Numéro 513, 6 janvier 2000

La « Fondation de France » actrice au cœur de la générosité ?

Seul organisme collecteur et distributeur de fonds privés en faveur des activités d’intérêt général, La Fondation de France permet à toute personne ou entreprise, qui souhaite poursuivre une ?uvre généreuse — action sociale, culturelle, scientifique et médicale, etc. — de créer sa propre fondation sous son égide, en bénéficiant de ses conseils de suivi et de gestion. Elle a contribué au formidable essor du monde associatif et à son organisation, en France comme en Europe. Elle laissera une trace dans l’histoire de l’Europe, au tournant du siècle


A la fin des années soixante, le gouvernement de l’époque juge l’initiative privée insuffisante et le recours à l’Etat providence excessif. L’idée s’impose, dans ce contexte, de créer un organisme indépendant pour stimuler, par un élan de générosité, l’éclosion de multiples projets privés. Le ministre de la Culture André Malraux, grâce à la mobilisation de capitaux privés issus d’organismes financiers et bancaires donne ainsi naissance en 1969 à la Fondation de France qui sera une institution privée, reconnue d’utilité publique, indépendante, apolitique et laïque.

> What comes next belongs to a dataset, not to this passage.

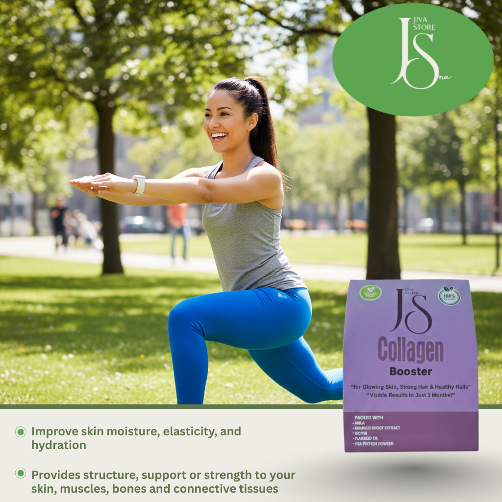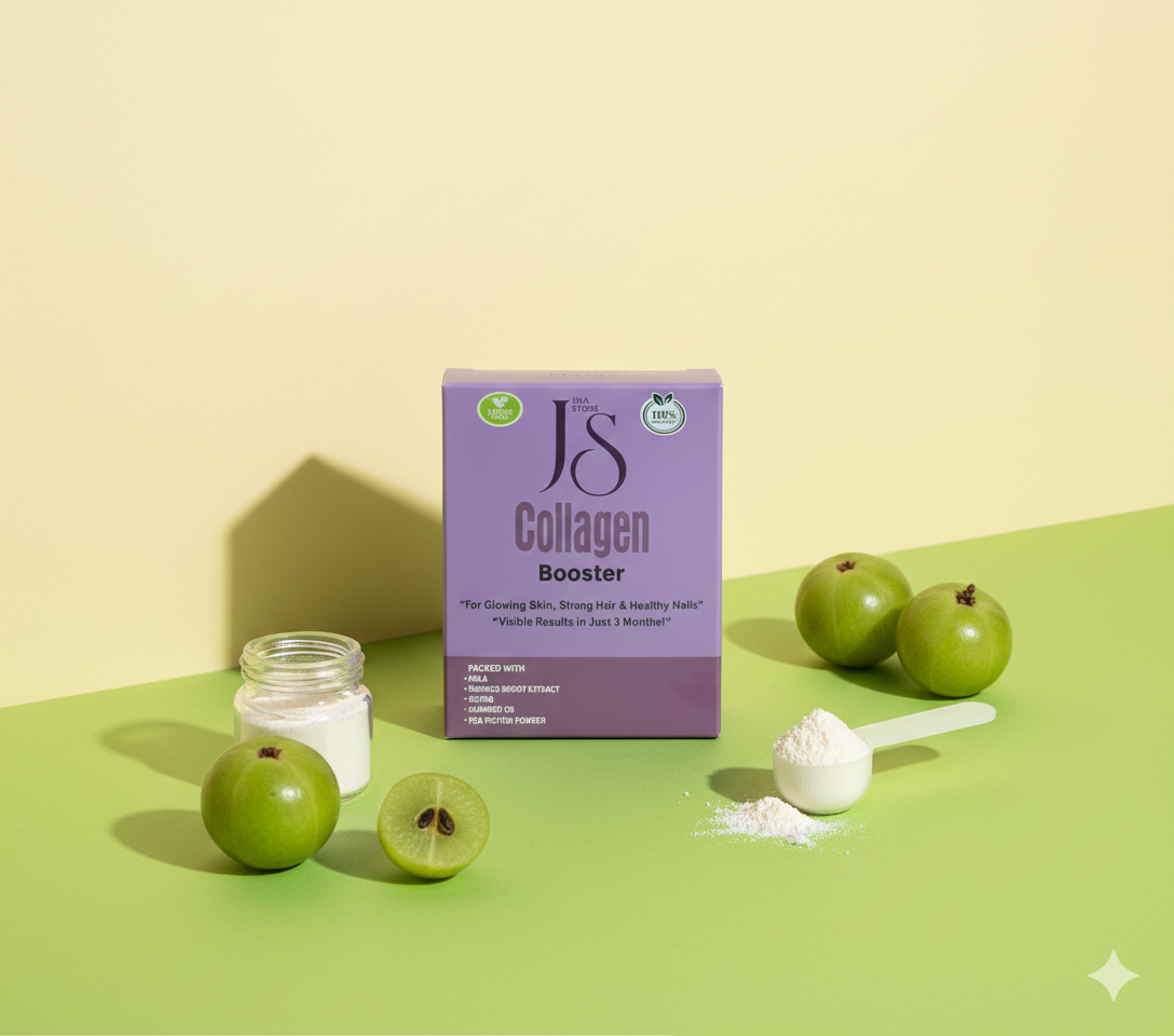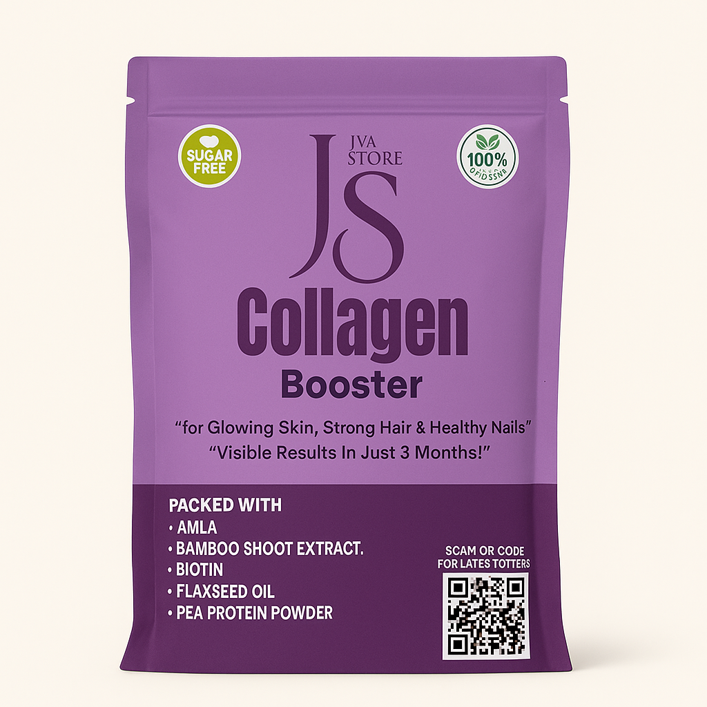 Boost your skin, hair, and overall wellness with our 100% vegan Collagen Booster, powered by Amla, Bamboo Shoot Extract, Flaxseed Oil, and Biotin. This clean, nutrient-rich formula supports natural collagen production—without preservatives, added sugar, or artificial ingredients.

La Fondation de France intervient aujourd’hui dans tous les domaines de l’intérêt général : solidarité, santé, recherche scientifique et médicale, culture et environnement. Elle collecte des fonds privés (en trente ans un million de personnes lui ont fait parvenir des dons) pour aider à répondre aux besoins prioritaires de notre société. Elle finance ainsi la réalisation de nombreux projets, portés par des associations ou des acteurs de terrain. Elle sait aussi détecter des besoins nouveaux et favoriser des expériences innovantes. À titre d’exemple, à la fin des années 70, la Fondation de France encourage le développement des crèches parentales qui pourront ensuite être reconnues par le ministère des Affaires sociales. Elle donne aussi son soutien, au milieu des années 80, à la création de maisons de parents, formule d’accueil à proximité d’hôpitaux pour les familles d’enfants hospitalisés.

La Fondation de France est également devenue aujourd’hui le premier organisme au service du mécénat, dans tous les domaines de l’intérêt général. Elle permet à toute personne ou entreprise, qui souhaite poursuivre une œuvre généreuse, de créer sa propre fondation sous son égide, en bénéficiant de ses conseils de suivi et de gestion. Une intervention bien accueillie, puisque de 1970 à 1999 les fondations avec dotation (1) sont passées de 3 à 490.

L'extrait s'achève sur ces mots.